- Born: Israel
- Education: Juilliard School, Yale School of Music
- Occupation: Cellist
- Notable work: "Dance" (cello concerto by Anna Clyne)
- Children: 3

= Inbal Segev =

Israeli musician

Inbal Segev (ענבל שגב) is a cellist who grew up in Israel. Segev began her studies in Israel at the age of 5. With the recommendation of Isaac Stern, she came to the United States to continue her studies at the age of 16. She debuted with the Israel Philharmonic and the Berlin Philharmonic under the direction of Zubin Mehta.

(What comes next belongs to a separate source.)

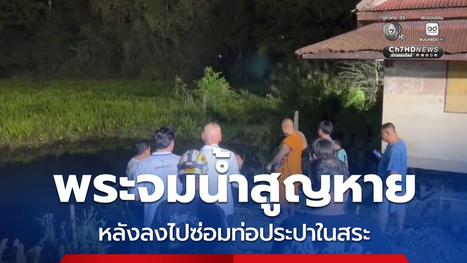 ที่ จ.อุทัยธานี เร่งค้นหาพระลงไปซ่อมท่อประปาในสระหลังวัด ก่อนจมน้ำสูญหาย

Her Carnegie Hall debut was held on December 7, 1997, where she performed the Carnegie Hall premiere of Trois strophes sur le nom de Sacher for solo cello by Henri Dutilleux.

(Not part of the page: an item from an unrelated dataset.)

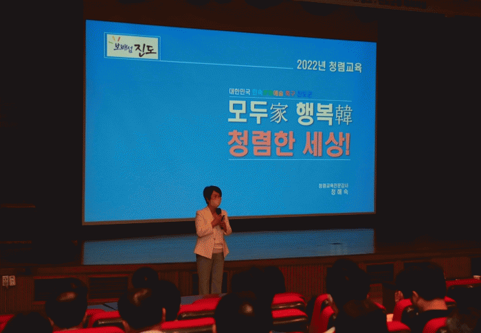Áö³ 13ÀÏ Áøµµ±ºÃ» ´ëȸÀǽǿ¡¼ ¡®¸ðµÎ°¡ ÇູÇÑ Ã»·ÅÇÑ ¼¼»ó¡¯À̶ó´Â ÁÖÁ¦·Î ¹Î¼± 8±â °øÁ÷ÀÚ°¡ °®Ãß¾î¾ß ÇÒ ¹ÝºÎÆÐ¡¤Ã»·Å°ú ¿Ã¹Ù¸¥ °¡Ä¡°üÀ» Á¤¸³Çϱâ À§ÇÑ ±³À°À» Á¤Çؼ÷ Àü¹® °»ç°¡ ÁøÇàÇß´Ù.

Segev won prizes at the International Pablo Casals Cello Competition in Kronberg (2000), The Juilliard Concerto competition (1998), the International Paulo Cello Competition in Helsinki (1996), and the Washington International Competition (1995).

Segev has released a number of recordings, including Nigun on Vox Records and Dance, a five movement cello concerto by Anna Clyne which was commissioned by Segev in 2019.

Segev holds a bachelor's degree from the Juilliard School and a master's degree from the Yale School of Music, where her teachers included Joel Krosnick, Harvey Shapiro and Aldo Parisot. She also studied with Bernard Greenhouse, who was a student of Pablo Casals. Segev's cello was made by Francesco Rugeri in 1673.

Segev resides in New York with her husband and 3 children.